● Dataset excerpt:
_ _ _ _ _
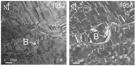 The 1952 and 1956 aerial photographs, which can be consulted by the Italian Military Geographical Institute (IGM), show the area at distinct evolutionary stages (Figure 11a,b). The photo from 1952, about 10 years after the Pianarucci hydroelectric power plant came into operation, shows a riverbed still characterized by several channels and well laced with abundant gravelly debris (light shades). The diversion channel of the hydroelectric power plant is well vegetated up to the confluence with the Chienti River, testifying to a situation of probable hydrodynamic equilibrium. In the aerial photo taken in 1956, downstream of the confluence of the hydroelectric power plant channel with the Chienti River, a heavy accumulation of detrital materials (river bar with whitish tones, Figure 11b) can be seen in the curve of the river, proving that the erosional phenomena on the right bank and those upstream were such as exerting a considerable solid transport.
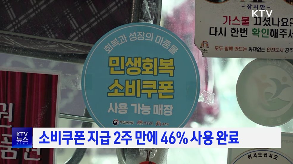 모지안 앵커>민생회복 소비쿠폰이 지급된 지 2주 만에 절반 가까운 금액이 사용됐습니다.특히 음식점과 마트 등 생활 밀착 업종의 매출액이 증가한 것으로 나타났습니다.윤현석 기자의 보도입니다.윤현석 기자>지난달 21일부터 지급된 민생회복 소비쿠폰.행정안전부에 따르면 지난 3일까지 지급된 소비쿠폰 5조7천679억 원 중 2조6천518억 원이 사용된 것으로 집계됐...
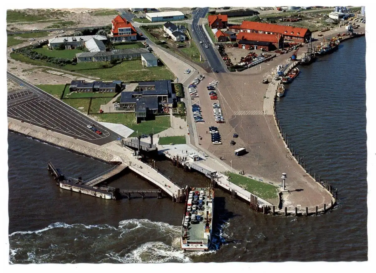 [Ansichtskarte] 2982 NORDERNEY, Hafen, Fähre, Fähranleger, Luftaufname.
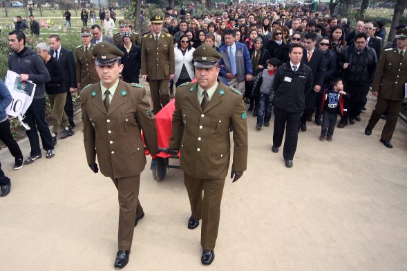 Funerales del subteniente de Carabineros, Daniel Silva Rodríguez, en la Parque El Prado de la comuna de La Florida, quien falleciera en el asalto a la Caja de Compensación Los Héroes, en la comuna de Macul.
_ _ _ _ _
● Task instructions:
Leaving the pictures aside, transcribe only the lines from the one containing "Fähre, Fähranleger, Luftaufname." to the final line of the listing above, inclusive, exactly as they appear.

● Task result:
 [Ansichtskarte] 2982 NORDERNEY, Hafen, Fähre, Fähranleger, Luftaufname.
 Funerales del subteniente de Carabineros, Daniel Silva Rodríguez, en la Parque El Prado de la comuna de La Florida, quien falleciera en el asalto a la Caja de Compensación Los Héroes, en la comuna de Macul.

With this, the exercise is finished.